Efectivamente, la estrategia dio lugar a lo que tanto anhelaban los nazis que se hicieron pronto con el poder en Alemania.

El nazismo no tardó en imponer su dictadura, dando especial importancia a una milicia popular y al ataque continuo de la democracia, el comunismo y el judaísmo.

Los rasgos más destacados de esta nueva fuerza, ahora bien establecida, eran varios.

Así, el totalitarismo era algo fundamental para los nazis, que acabaron rápidamente con todas las libertades y derechos individuales.

En la misma línea, las empresas y los sindicatos obreros pasaron a estar en manos del estado.

Además, todos los movimientos de los ciudadanos eran permanentemente observados por la policía, mientras que cualquier resistencia era oprimida.

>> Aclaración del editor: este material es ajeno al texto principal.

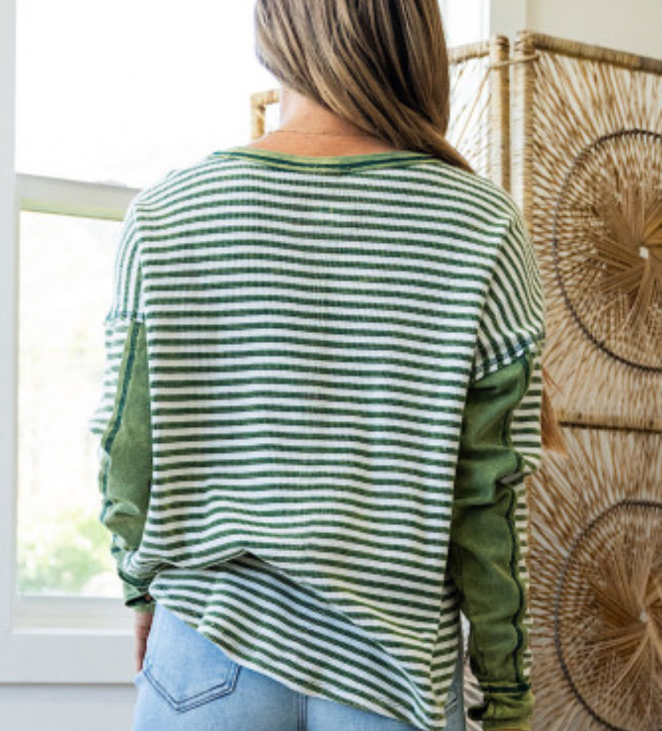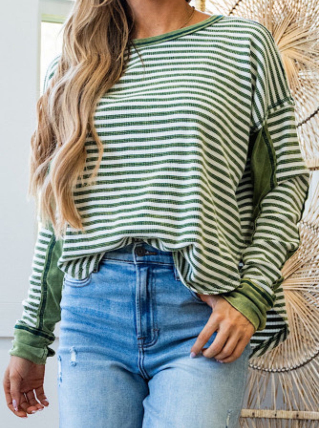 The Trying It Out Top combines a sophisticated green stripe thermal knit with a relaxed drop shoulder silhouette, offering both comfort and style. Its soft texture and casual fit make it an ideal choice for refined everyday wear, effortlessly blending warmth with elegance.
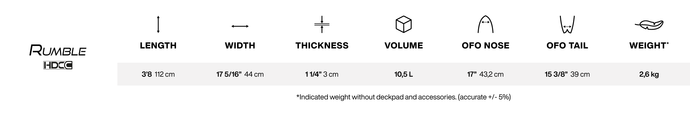 The Rumble HDCC comes with our new 5mm thick Ridge Traction pad. The grooved surface design ensures excellent grip. The pad is one continuous piece that covers the entire top surface, so there's no need to wax your board. It also eliminates small angles that could peel off over time.

Los nazistas militarizaron Alemania y al principio ello fue aprobado por la inmensa mayoría de ciudadanos.

Y es que los hombres de mayor edad habían luchado en la Primera Guerra Mundial.

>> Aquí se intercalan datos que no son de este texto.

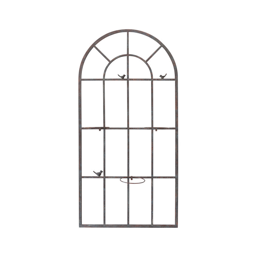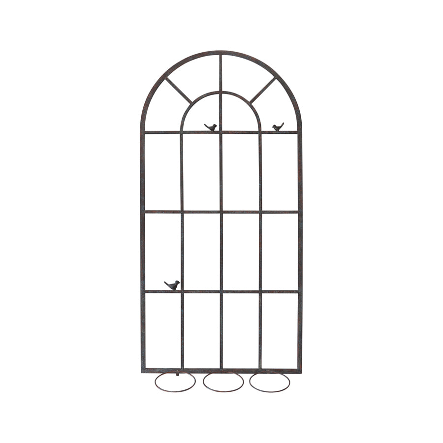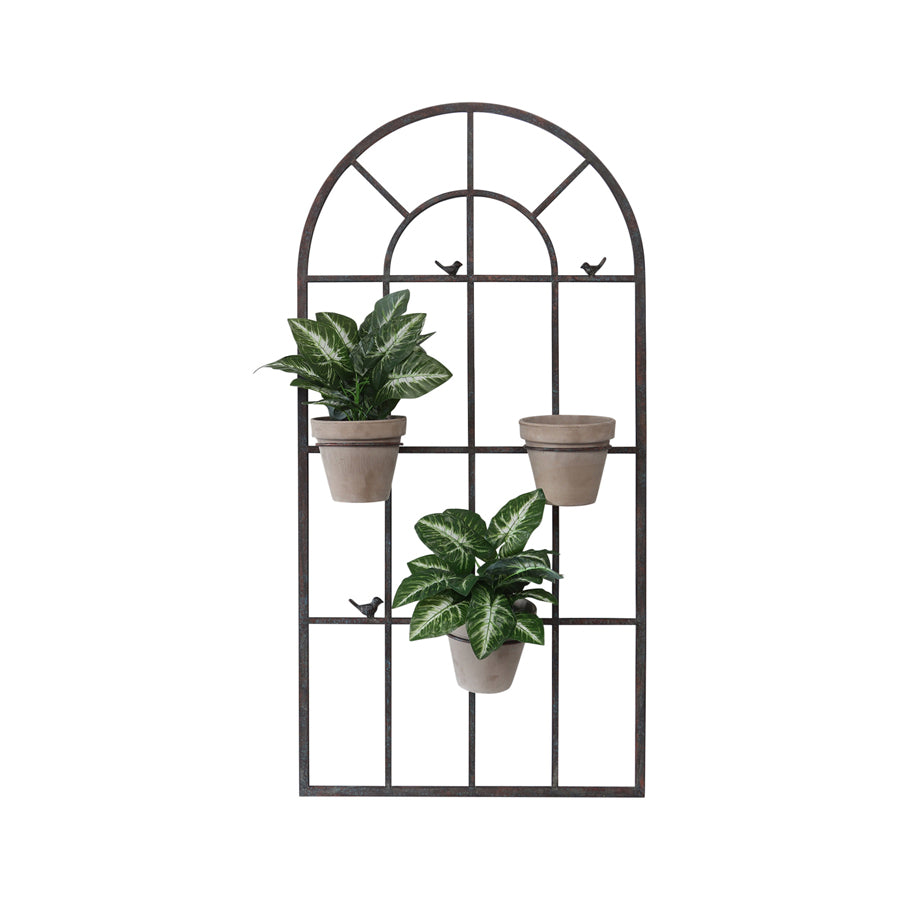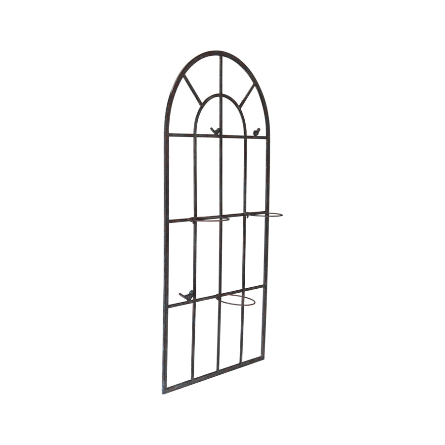 Maximise your use of space in style with the French Window Pot Planter Wall art. Made from sturdy iron in a distressed green /rust-coloured finish, this piece is made for both undercover outdoor and indoor use. Hang and add your favourite potted leafy plants, creepers or herbs in the holders. Greenery and brighten up your home without losing precious floor space. Features three cute little birds and comes with three removable metal pot planter holders - style these how you like or take them off and enjoy this piece as a wall art on it's own. *Fits 15cm diameter pot planters.

Los jóvenes eran los más manipulables y especialmente a éstos se les infundió un intenso espíritu de odio y de venganza, sobretodo hacia los que les habían humillado tras fracasar en la guerra.

El nazismo se asemeja al fascismo por varios puntos que tienen en común.

Así, ambas ideologías están en contra del liberalismo, el pacifismo, el comunismo, la democracia, la razón, los intelectuales… por este último motivo los nazis quemaban libros.

Y es que Hitler y los suyos, lo último que querían es que la gente pensara por sí misma, ya que entonces dejarían lógicamente de creer en esos irracionales disparates que se atrevían a defender a capa y espada.

Tenían a la población completamente manipulada, es decir que como se dice popularmente, lavaban el cerebro de la gente a través de la propaganda… pero este es otro tema.

El Imperialismo era uno de los postulados nacionalsocialistas.

Por ello, se dejó de lado todo aquello que había estado pactado en el Tratado de Versalles.

Así, los nazis mandaron armar al pueblo, impusieron el servicio militar obligatorio, anexaron a Alemania la cuenca del Ruhr (la cual se había cedido a Francia antes) y países como Austria y Checoslovaquia.

Al seguir Alemania en esta línea de anexiones y concretamente al invadir Polonia, estalló la Segunda Guerra Mundial, el uno de septiembre de 1939.

Pero básicamente el nazismo puso casi todo su énfasis en el racismo, en acabar con los judíos.

No se apoyó en cambio en la idea religiosa como algunos piensan todavía.

Los nazis creían que la raza aria, representada por el típico hombre blanco con cabellos y ojos claros, era superior y por ello había que limpiar el mundo de otras inferiores.

Sin embargo, el gran iluminado y promotor de esta idea por la que había que exterminar a medio planeta si hacía falta, el grandísimo Adolf Hitler, tenía una apariencia física de lo más opuesto a esta raza aria que defendía.

De pelo oscuro y ojos negros, el gran dictador se asemejaba más a un latinoamericano que a un ario, sin duda alguna.

Una gran contradicción, pues, al más puro estilo del Führer.

Un hombre al que la ambición le cegó, acabando finalmente con su vida… y la de tantos millones de inocentes.